Beyond practical tasks, caregivers described feeling isolated. Their loved one’s lack of engagement meant fewer social interactions and less emotional support. Over time, some caregivers felt like they were dancing alone, missing out on life or social opportunities, and sometimes resented the way their lives had been reshaped around the disengagement of the person they loved.
A Gradual Drift
For many caregivers, apathy in HD felt like a gradual drift on the dance floor, a relationship once in sync, now out of step. While memories and recognition remained, emotional connection and the warmth of intimacy often disappeared. Hugs, kisses, and everyday gestures of care became rare or required prompting, leaving some caregivers to feel unwanted, lonely, or like they were dancing with a stranger. The absence of reciprocity could bring sadness, or even anger, as some expressed the feeling of love poured into a void.
One caregiver compared her caregiving experience to that of family members caring for loved ones with cancer, reflecting that while those individuals were still able to show care and empathy, this was often missing in her experience of supporting someone with HD.
Navigating HD is like learning a new dance: both partners need guidance, understanding, and compassion if they are to move together at all.
An Unpredictable Rhythm of Grief
Watching a loved one slowly withdraw felt like a dance losing its rhythm. Caregivers described feeling as if they had already lost the person with HD in pieces, grieving them before they were physically gone. This sense of anticipatory grief was compounded by the hopelessness at their inability to make things better for their loved one with HD. The continuous shifting of the dance, one moment present, the next distant, left caregivers navigating a moving, unpredictable rhythm of grief.

Caring For the Caregiver
While this study offers valuable insight into the lived experiences of caregivers, it is only a starting point. Larger studies across more diverse communities are needed to capture the full range of experiences and to ensure no voices are overlooked.
Even so, the findings from this study highlight a potential need for more support for caregivers of people with HD. Safe spaces for open discussion could allow caregivers to share their experiences and care for themselves, helping them keep pace in a partnership that has shifted.
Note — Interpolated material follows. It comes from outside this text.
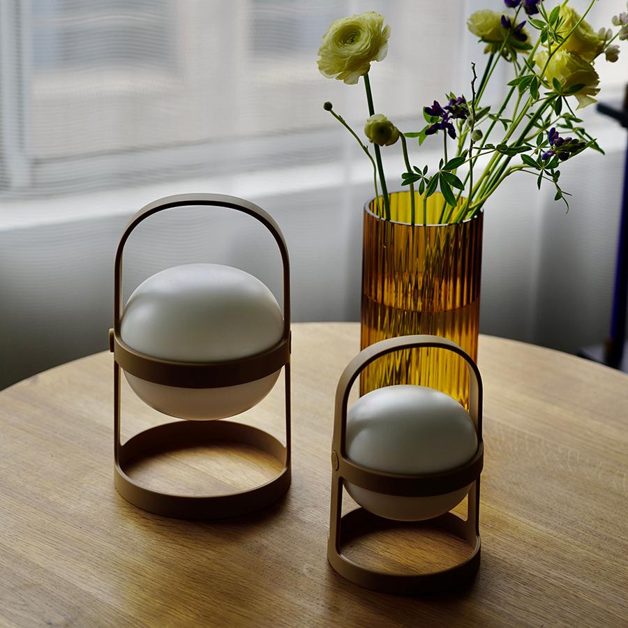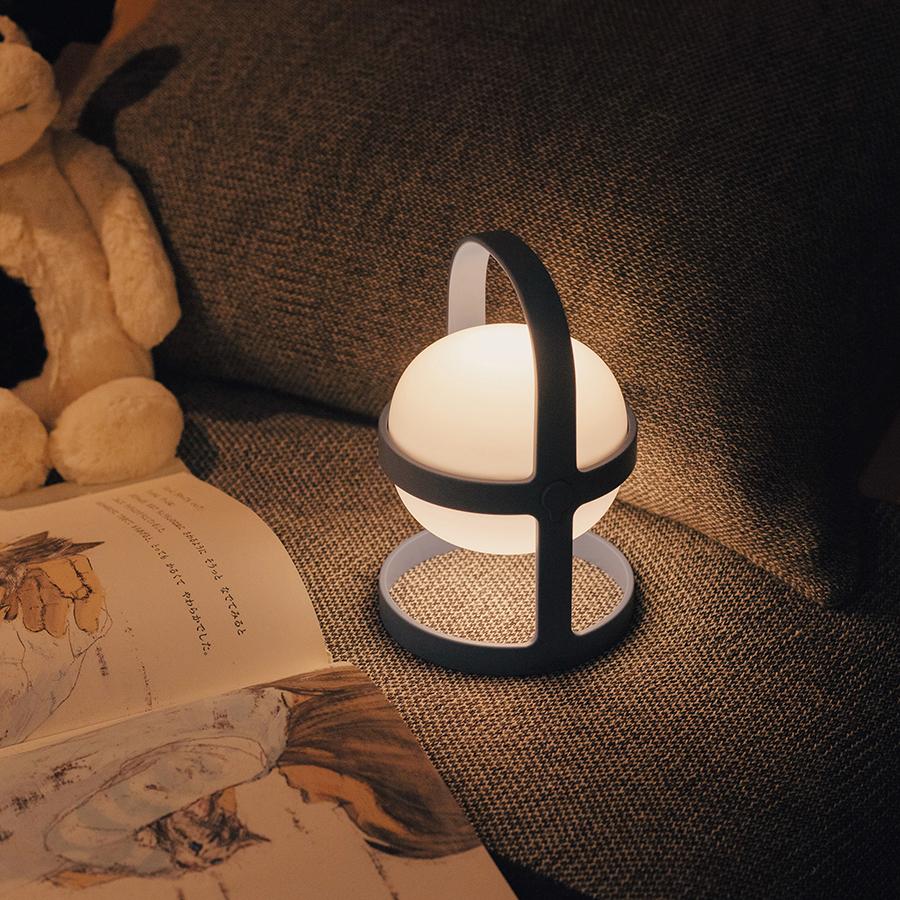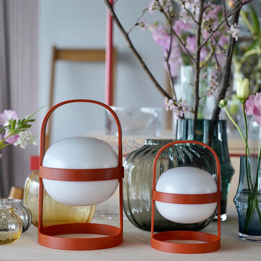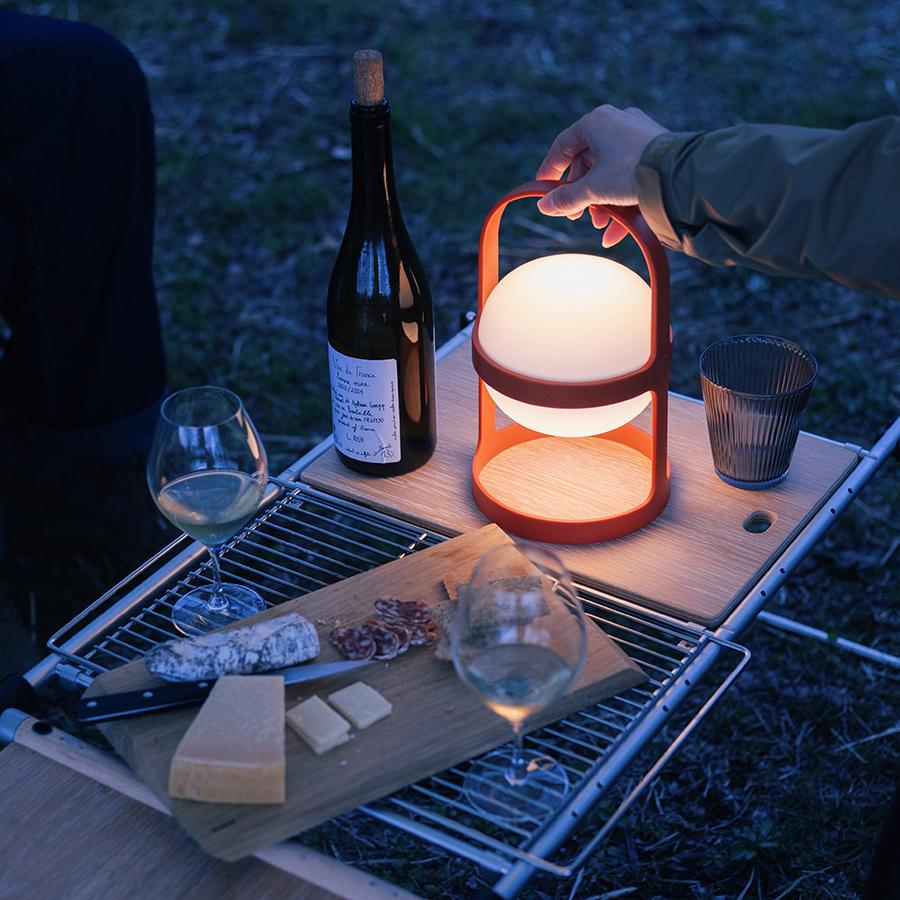 屋内の様々なシチュエーション(例えば、リビング、玄関、寝室や子供部屋)で、陽が落ちると共にその存在感を発揮します。また、テラスやお庭、そして週末のキャンプまで、屋外でも十分に活躍できる画期的なポータブルランプです。

Healthcare professionals should not assume caregivers fully understand apathy in HD. Conversations explaining apathy as a symptom may normalise its challenges and make caregivers feel more informed and supported.
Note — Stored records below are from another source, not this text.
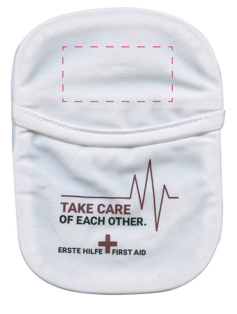 Das praktische Set ist immer zur Hand. Polyester-Tasche befüllt mit Qualitäts-Artikeln: Heftpflaster, Wundschnellverband, 2 Pflasterstrips, Verbandpäckchen, 2 Kompressen, Fixierbinde, kleiner Schere und Einmalhandschuhen.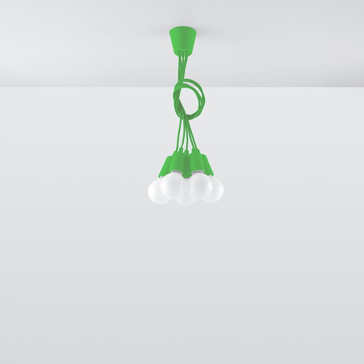 Lampa wisząca żarówki na kablu zielona DIEGO 5xE27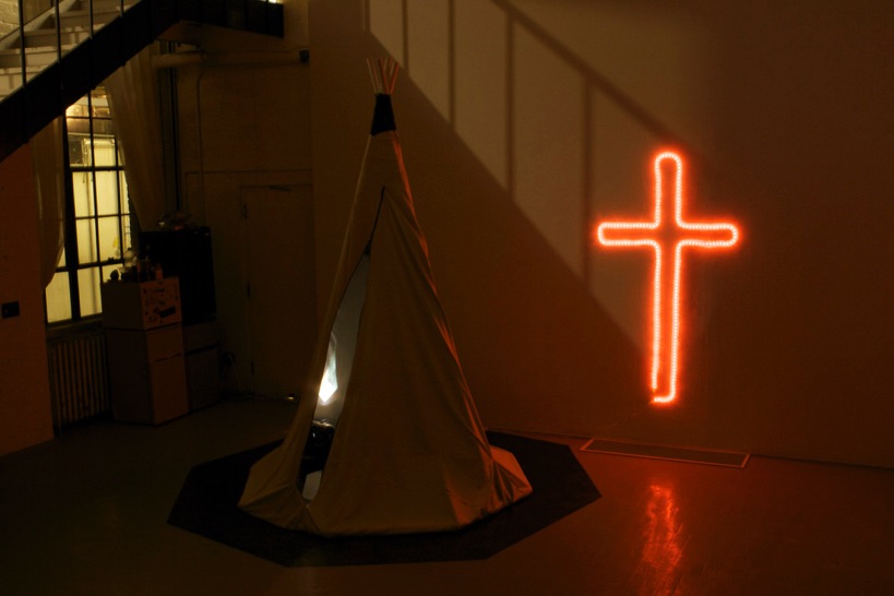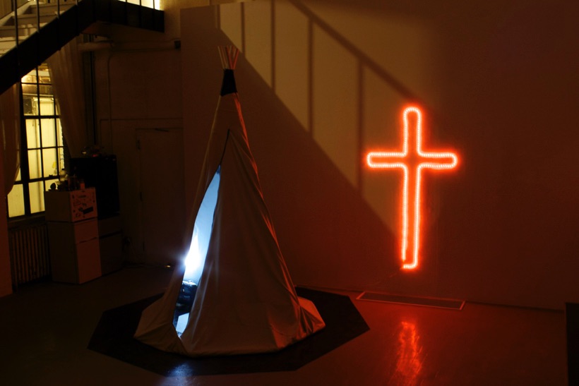 <TIPI> 2011. material: blackout fabric, duct tape, pvc, rope light, hanging door mirror, and projected video. dimensions: installation, size variable
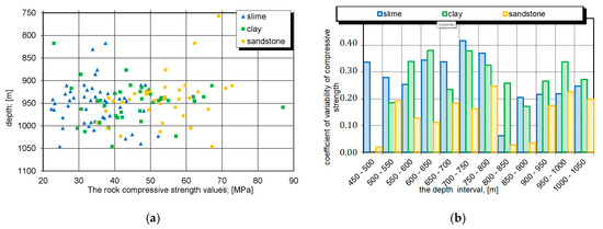 Figure 3 presents an example of the distribution of the compressive strength of sandstone forming one top layer of a coal seam [36], while Figure 4 presents the distribution of the compressive strength variability of sandstone, mudstone, and claystone constituting the same layers depending on the depth. The presented diagrams indicate that there is no relationship between the strength of the rocks forming the analyzed layers and their depth.
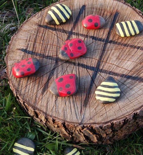 La urmatoarea plimbare in parc, aduna cateva pietricele de dimensiuni apropiate, pe care copiii sa le picteze apoi acasa, sub forma de gargarite sau orice alt model le trece prin cap. Jucati "X si O" in parc sau puteti crea propiul vostru joc din pietre colorate, improvizand o tabla cu patratele si dand cu zarul pentru a muta piesele.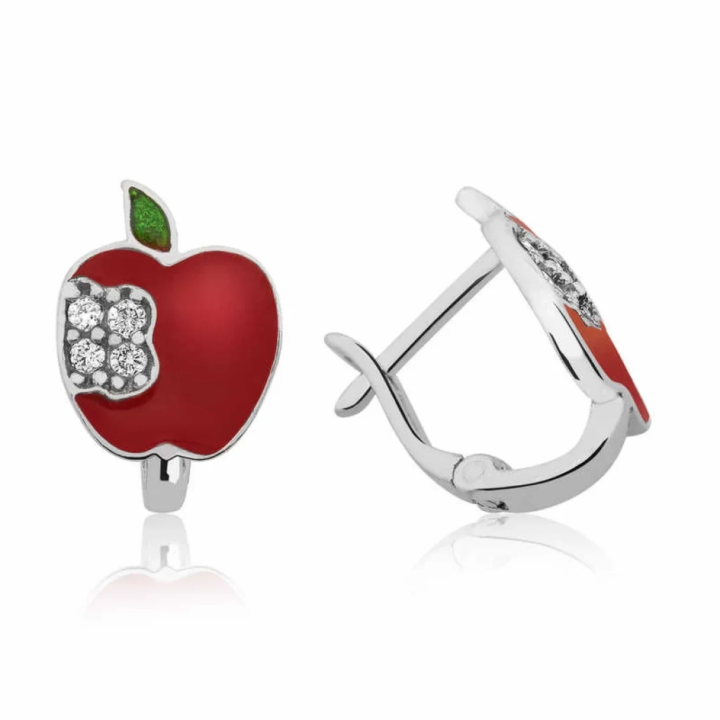 En kıymetlileriniz, bebekleriniz, çocuklarınız için hazırlanan, sevimli figürlerle tasarlanan birbirinden zarif ve renkli bebek ve çocuk küpeleri ile ömür boyu saklanabilecek, anlamlı bir hediye seçebilirsiniz. Elma figürlü çocuk küpesi 925 ayar gümüşten imal edilmiştir. Gümüş üzerine rodyum kaplama yapılmıştır. Rodyum kaplama yapılan gümüş çocuk küpeleri parlaklığını uzun süre muhafaza eder ve oksitlenmesi gecikir. Küpe üzerinde bulunan taşlar zirkondur. Tüm çocuk küpe modelleri el emeği ile üretilmiştir. Gümüş ve değerli taşlar nedeniyle belirtilen ortalama ürün ağırlığında ± %10 sapma olabilmektedir.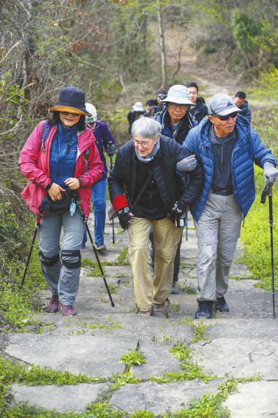 3月19日,贾和普(前中)和朋友行走在古蜀道上。 四川日报全媒体记者 何海洋 摄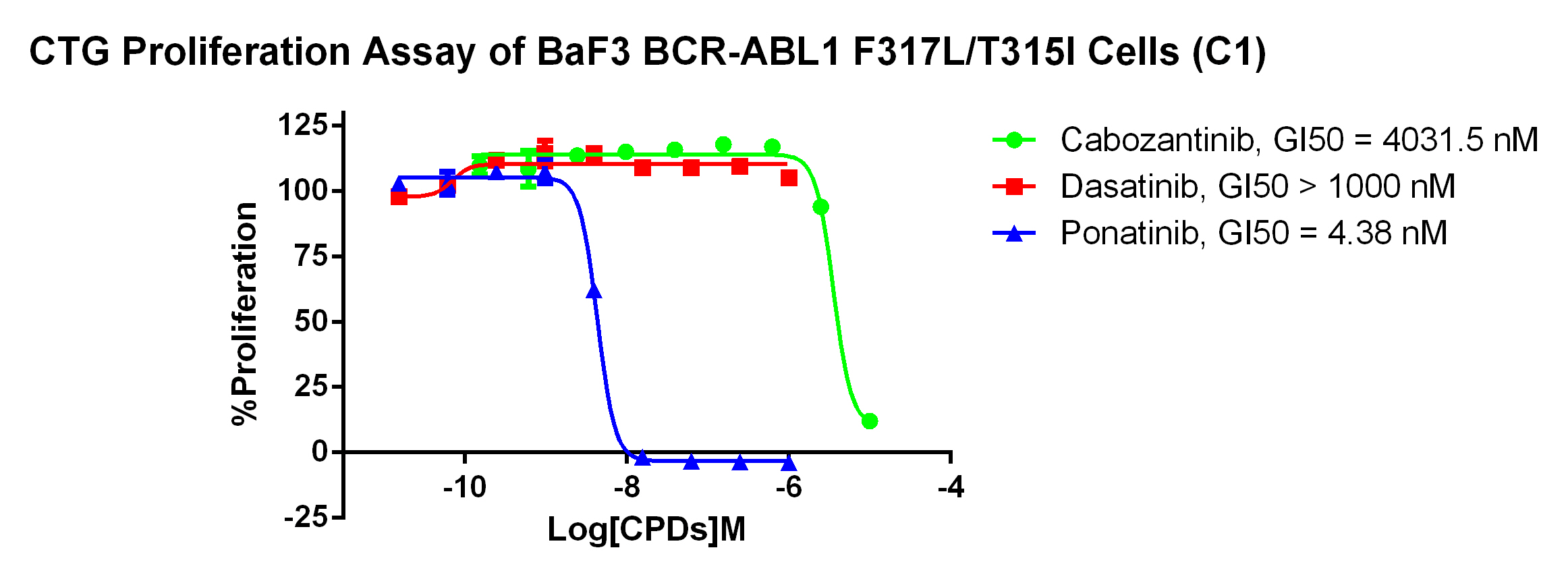 Figure 4. CTG Proliferation Assay of BaF3 BCR-ABL1 F317L/T315I Cells (C1).  |

Even on this small scale, the study reminds us that supporting caregivers and helping them feel seen, heard, and understood, is as important as caring for the person with HD. After all, navigating HD is like learning a new dance: both partners need guidance, understanding, and compassion if they are to move together at all.
Summary
- A study involving 11 caregivers, including partners and parents of people with HD, explored their experiences of apathy in daily life.
- Five key themes emerged, highlighting how caregivers understand, respond to, and are affected by apathy.
- Caregivers often found apathy difficult to define, sometimes interpreting behaviours as personality changes or coping strategies, rather than symptoms.
- Apathy in people with HD was reported to affect relationships, and contributing to feelings of loss and isolation in caregivers.
- Many caregivers lacked opportunities to openly discuss their experiences and felt others did not fully understand the impact of HD.
- The findings suggest a need for greater awareness of apathy, alongside practical and emotional support for caregivers, including safe spaces to share experiences and guidance from healthcare professionals.